- Directed by: Piotr Pałgan
- Written by: Darali Leli
- Produced by: Piotr Pałgan
- Starring: Elena Frolova, Konstantin Nikitin, Irina Krestyaninova, Leonid Gusev, Galina Volkova, Yuriy Eroshkin, Roman Boltachev, Sergei Nagovitsyn
- Cinematography: Dominik Pałgan
- Edited by: Wojtek Kaniewski
- Distributed by: Inwis kinopottonni
- Release date: 17 March 2011;
- Running time: 95 minutes
- Country: Russia
- Language: Udmurt

= Berry-Strawberry =

Berry-Strawberry (Узы-Боры, translit. Uzy-Bory; Ягода-Клубника, translit. Yagoda-Klubnika) is a 2011 comedy film in the Udmurt language directed by Piotr Pałgan based on a story by Darali Leli, who wrote the screenplay. The film was produced by Udmurt-Polish "Inwis kinopottonni". Before the film was released, the history of Udmurt cinema was that of only two films, "The Rivals" (1929) and "The Shadow of Alangasar" (1994).

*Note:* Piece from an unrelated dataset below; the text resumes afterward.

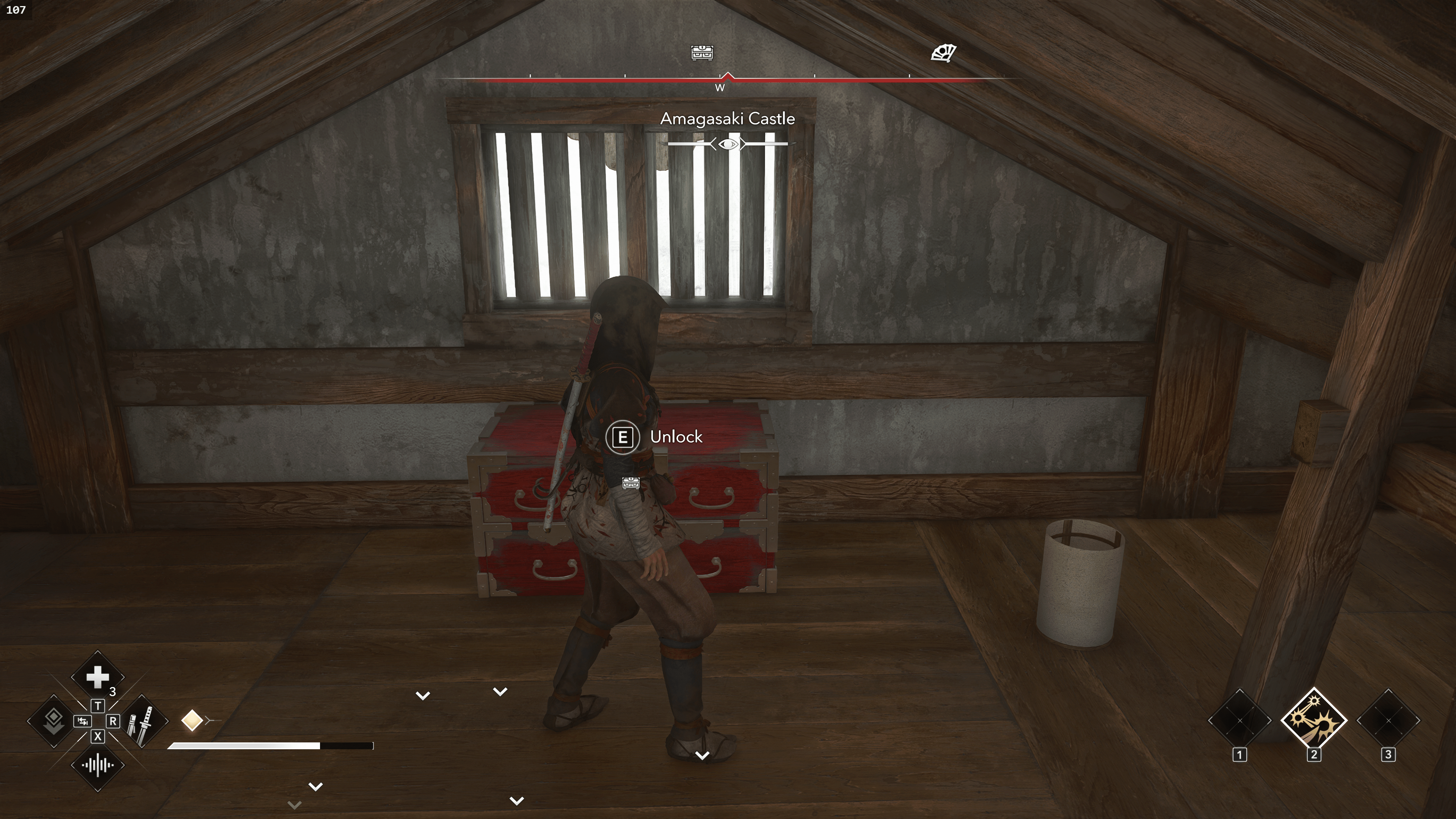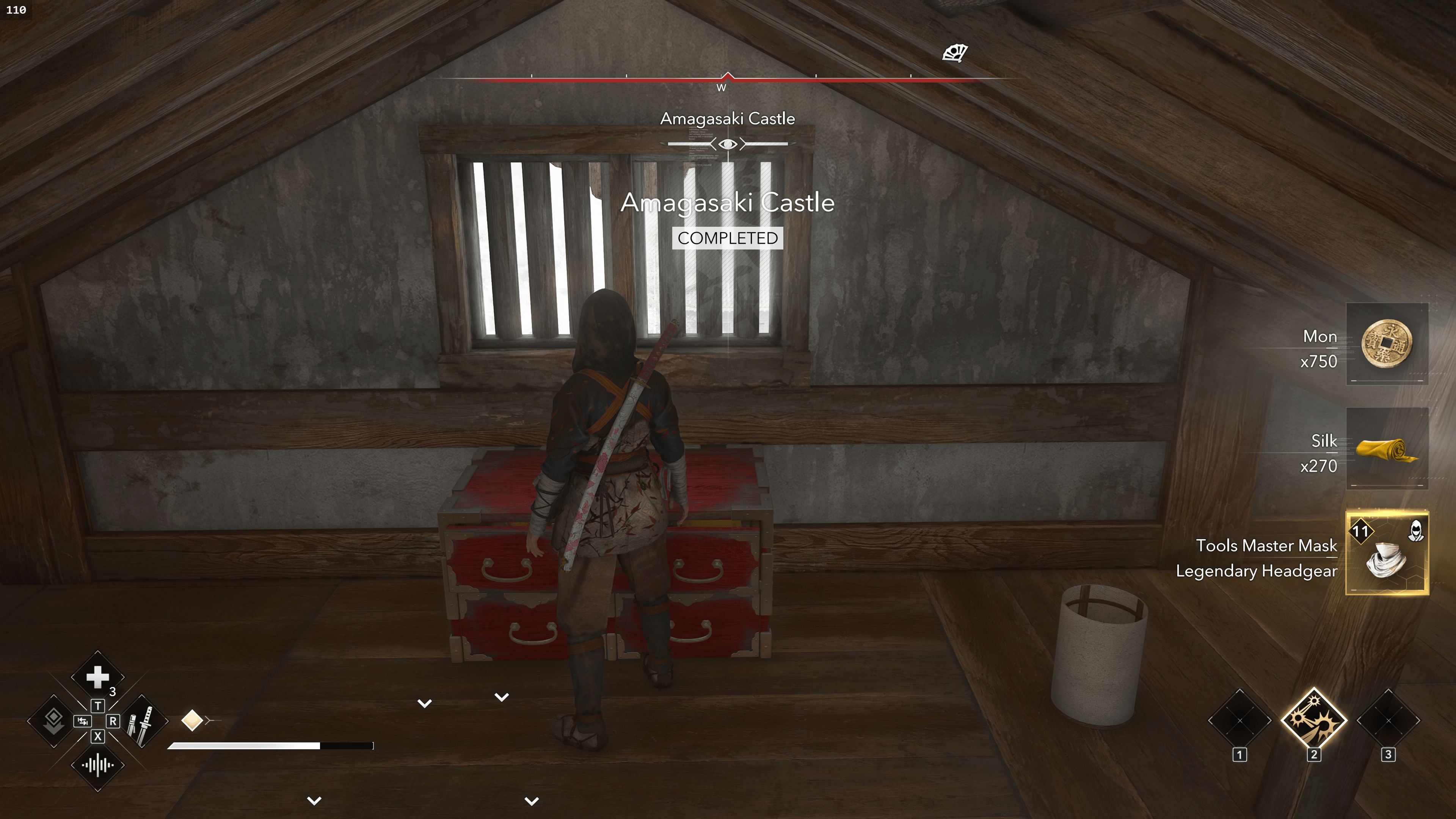 干掉所有五名武士大将后,前往尼崎的主城,即拥有快速移动点的城堡。登上城堡顶部,但不要去快速旅行点。相反,在屋顶上找到一块地板,跳到里面,抢劫房间里的特殊箱子来解锁你的奖励。

The film's budget has not been revealed.

==Cast==
Elena Frolova, Konstantin Nikitin, Irina Krestyaninova, Leonid Gusev, Galina Volkova, Yuriy Eroshkin, Roman Boltachev, Sergei Nagovitsyn, Nikolai Smirnov, Anna Smirnova, Lyubov Kiseleva, Anatoly Galihanov, Maria Imbirnaya, Maxim Knyazev, Anastasia Petrova, Elena Baykova, Alexander Korenkov, as well as group MALPAN and villagers Purogurt.